Stored data:

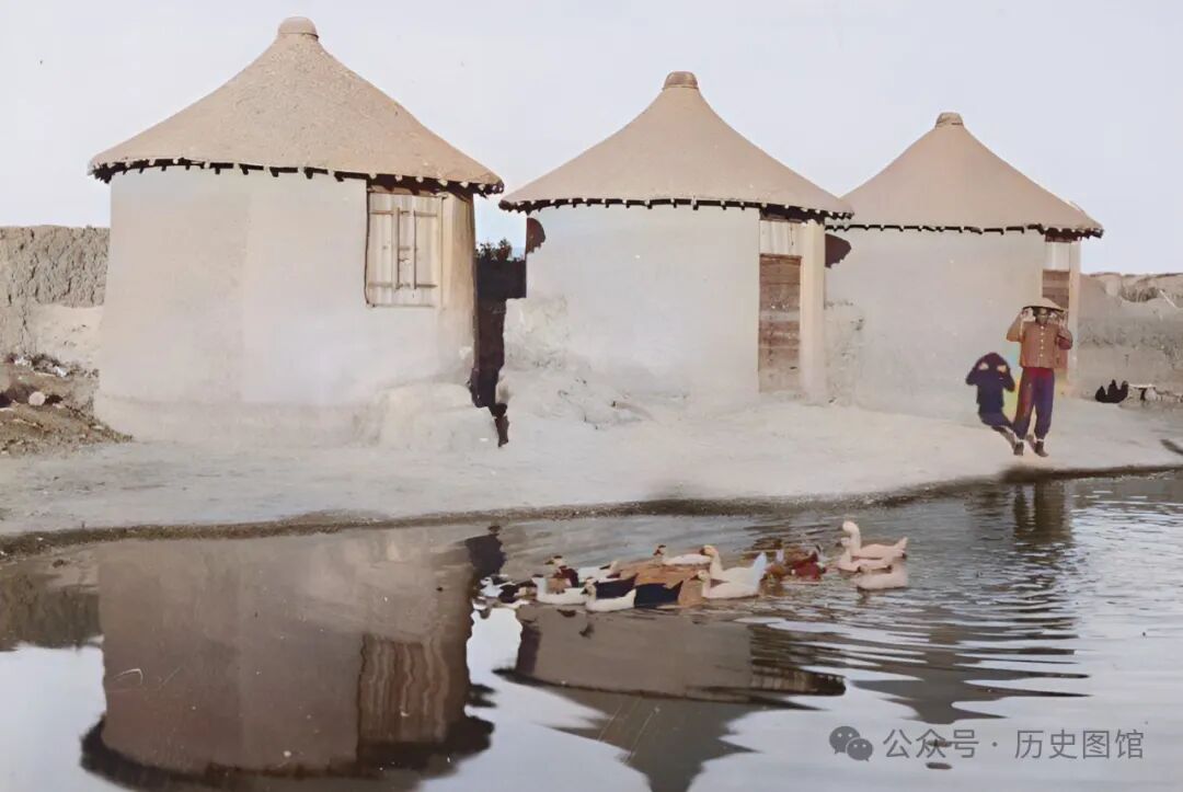 这是当地人修建的一种谷仓。圆形的墙壁,用泥土垒砌而成。开有门和通风的窗户。屋顶为圆锥形,可以很好地排放雨水。远远望去,与蒙古包很相似。照片中,一名男子正在谷仓边的小河里放鸭子。画面很有生活气息。
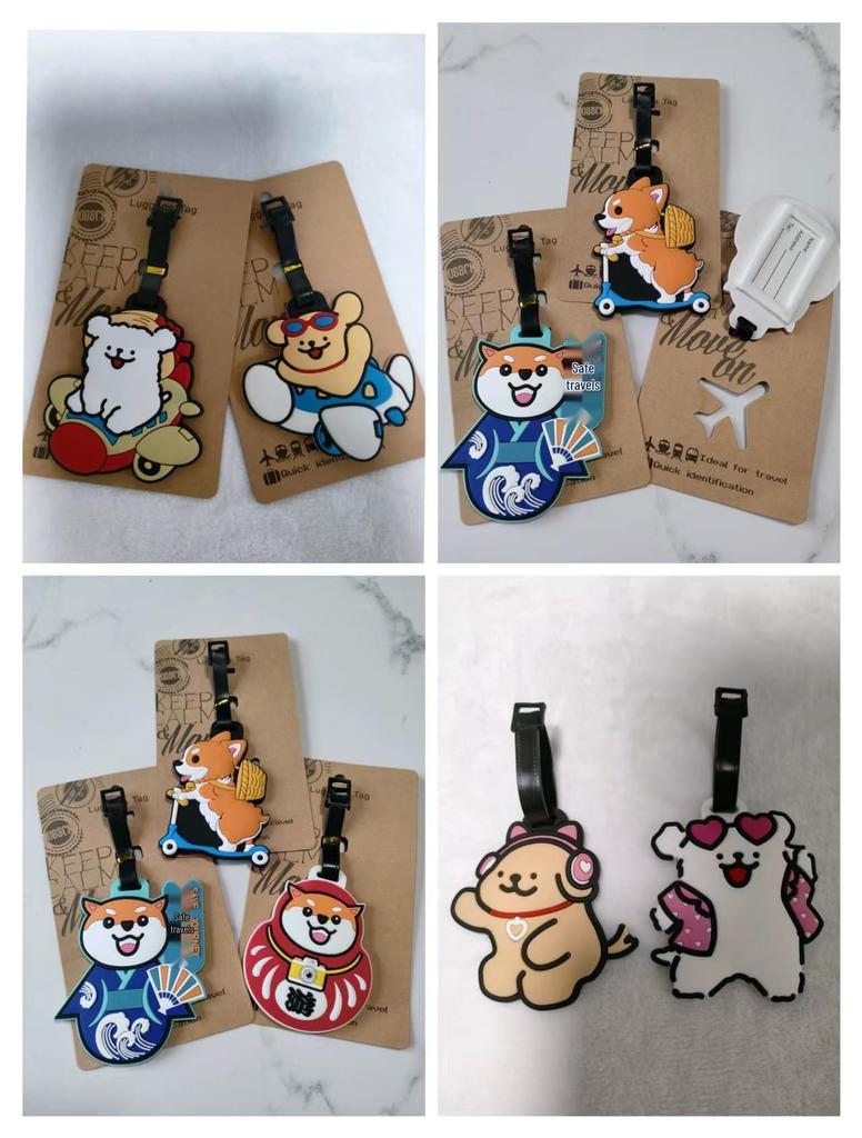Etichetă moale din cauciuc pentru bagaje, cu desene animate: Bichon Maltez, Golden Retriever și Corgi
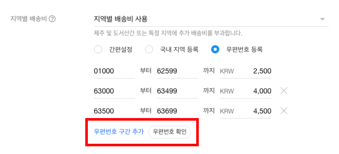 우편번호 구간 추가를 클릭합니다. (여러 개 추가할 수 있습니다.)
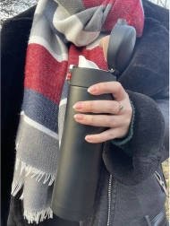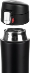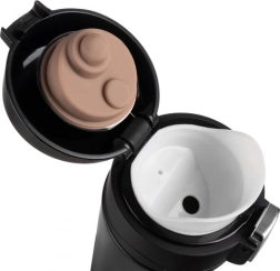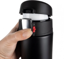 Łatwe otwieranie jednym przyciskiem zapewnia szybki dostęp do napoju, a higieniczny i komfortowy ustnik uprzyjemnia picie w drodze. Termokubek wykonano z bezpiecznych materiałów (stal nierdzewna i PP), jest łatwy w czyszczeniu, a dzięki uniwersalnym wymiarom pasuje do większości uchwytów samochodowych.
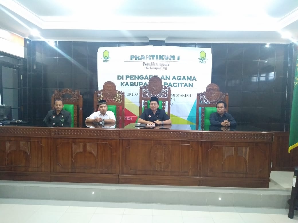 Senin (06/01/2019), pukul 14.00 bertempat di Ruang Sidang Pengadilan Agama Pacitan, telah dilangsungkan penyerahan mahasiswa Praktek Pengaaman Lapangan (PPL) dari Fakultas Ekonomi Syari'ah IAIN Ponorogo. Acara penerimaan mahasiswa PPL ini dipimpin langsung oleh Ketua PA Pacitan, Drs. H.Sumarwan, M.H. Adapun jumlah mahasiswa yang akan melakukan PPL di Pengadilan Agama Pacitan berjumlah 13 mahasiswa yang nantinya akan dibagi menjadi 2 kelompok, yang kemudian nantinya akan bergiliran di bagian kesekretariatan dan di kepaniteraan. Kegiatan PPL ini berlangsung selama 3 minggu mulai tanggal 06 Januari 2020 s/d 24 Januari 2020.
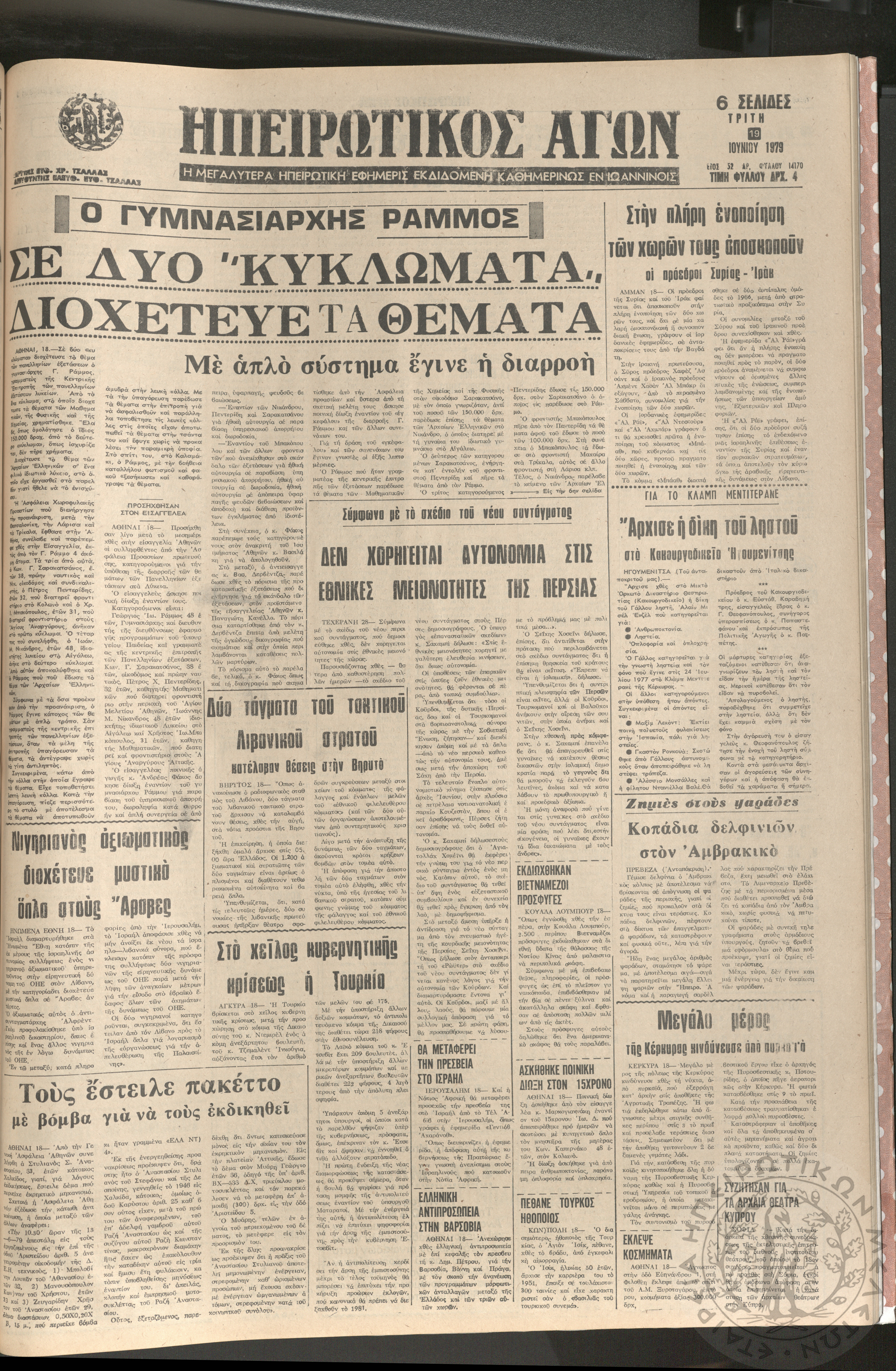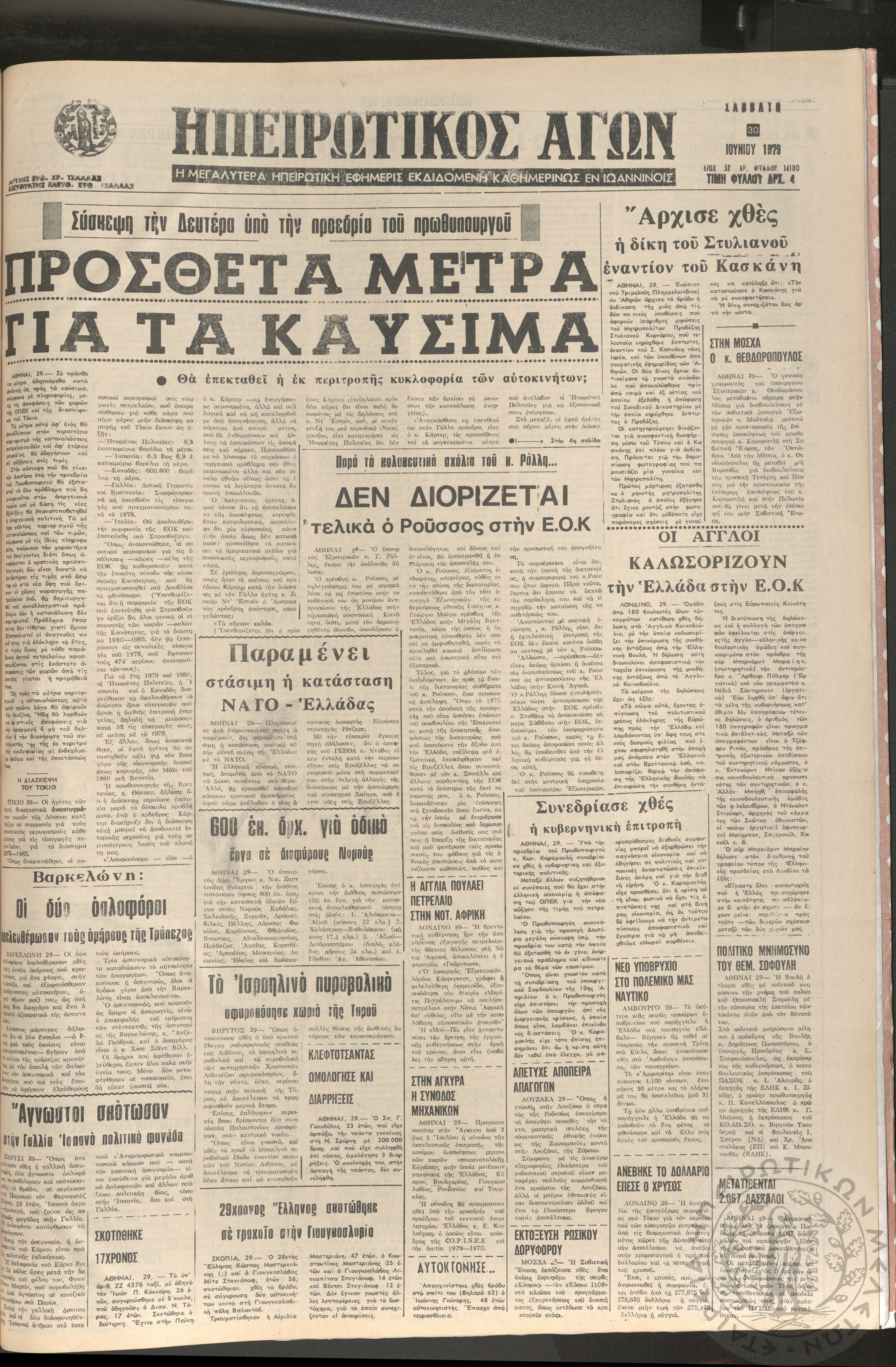 Ηπειρωτικός Αγών: η μεγαλυτέρα Ηπειρωτική εφημερίς εκδιδομένη καθημερινώς εν Ιωαννίνοις, 1979, φ. 14179Έτος 52, φ. 14179...
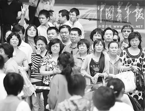 考試結(jié)束后,家長們紛紛探身張望著尋找自己孩子的身影。有家長從口袋取出塑料碗封好的點心,停在路邊的私家車也都發(fā)動起來,開著空調(diào)迎接。執(zhí)勤警察不斷地提醒家長后退,給考生讓路。瞬間,在校門口形成了兩排“夾道歡迎”的人群,“這里變成星光大道了,我們都是追星族!”一位家長調(diào)侃道,“真是可憐天下父母心啊”。
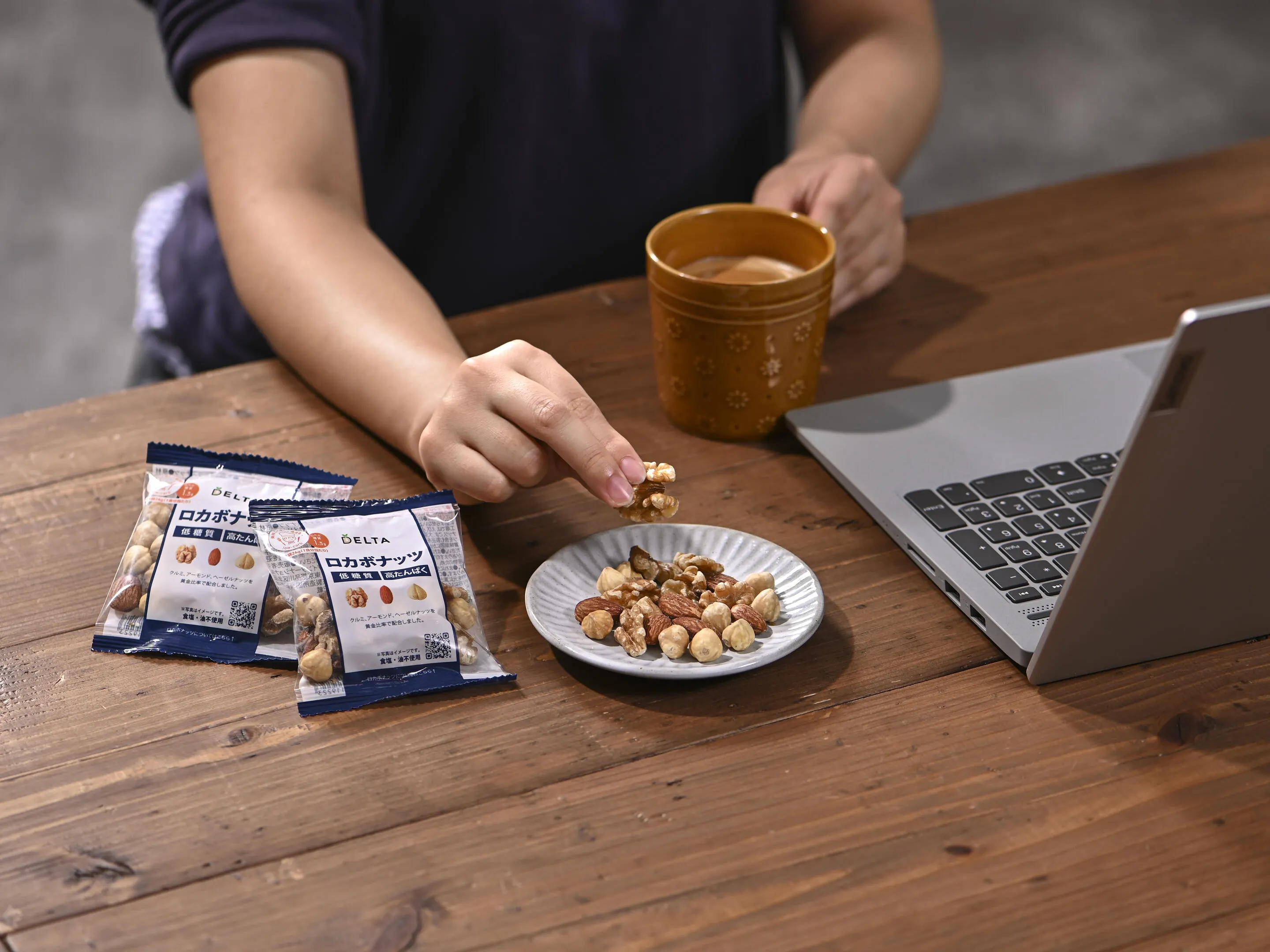 デルタのロカボナッツは、パートナーとして同じ目標をもったサステイナブルな(持続可能な)農園経営を行っている契約農園から採れるナッツを使用し、100年以上の歴史を持つ老舗でロースト。素焼きだから、毎日食べても飽きが来ないおいしさ。24gの食べきりサイズで、無理せず楽しく続けられます。

TASK TO CARRY OUT:
Would you please print the entries once more, word for word, minus the pictures?

YOUR SOLUTION:
 这是当地人修建的一种谷仓。圆形的墙壁,用泥土垒砌而成。开有门和通风的窗户。屋顶为圆锥形,可以很好地排放雨水。远远望去,与蒙古包很相似。照片中,一名男子正在谷仓边的小河里放鸭子。画面很有生活气息。
Etichetă moale din cauciuc pentru bagaje, cu desene animate: Bichon Maltez, Golden Retriever și Corgi
 우편번호 구간 추가를 클릭합니다. (여러 개 추가할 수 있습니다.)
 Łatwe otwieranie jednym przyciskiem zapewnia szybki dostęp do napoju, a higieniczny i komfortowy ustnik uprzyjemnia picie w drodze. Termokubek wykonano z bezpiecznych materiałów (stal nierdzewna i PP), jest łatwy w czyszczeniu, a dzięki uniwersalnym wymiarom pasuje do większości uchwytów samochodowych.
 Senin (06/01/2019), pukul 14.00 bertempat di Ruang Sidang Pengadilan Agama Pacitan, telah dilangsungkan penyerahan mahasiswa Praktek Pengaaman Lapangan (PPL) dari Fakultas Ekonomi Syari'ah IAIN Ponorogo. Acara penerimaan mahasiswa PPL ini dipimpin langsung oleh Ketua PA Pacitan, Drs. H.Sumarwan, M.H. Adapun jumlah mahasiswa yang akan melakukan PPL di Pengadilan Agama Pacitan berjumlah 13 mahasiswa yang nantinya akan dibagi menjadi 2 kelompok, yang kemudian nantinya akan bergiliran di bagian kesekretariatan dan di kepaniteraan. Kegiatan PPL ini berlangsung selama 3 minggu mulai tanggal 06 Januari 2020 s/d 24 Januari 2020.
 Ηπειρωτικός Αγών: η μεγαλυτέρα Ηπειρωτική εφημερίς εκδιδομένη καθημερινώς εν Ιωαννίνοις, 1979, φ. 14179Έτος 52, φ. 14179...
 考試結(jié)束后,家長們紛紛探身張望著尋找自己孩子的身影。有家長從口袋取出塑料碗封好的點心,停在路邊的私家車也都發(fā)動起來,開著空調(diào)迎接。執(zhí)勤警察不斷地提醒家長后退,給考生讓路。瞬間,在校門口形成了兩排“夾道歡迎”的人群,“這里變成星光大道了,我們都是追星族!”一位家長調(diào)侃道,“真是可憐天下父母心啊”。
 デルタのロカボナッツは、パートナーとして同じ目標をもったサステイナブルな(持続可能な)農園経営を行っている契約農園から採れるナッツを使用し、100年以上の歴史を持つ老舗でロースト。素焼きだから、毎日食べても飽きが来ないおいしさ。24gの食べきりサイズで、無理せず楽しく続けられます。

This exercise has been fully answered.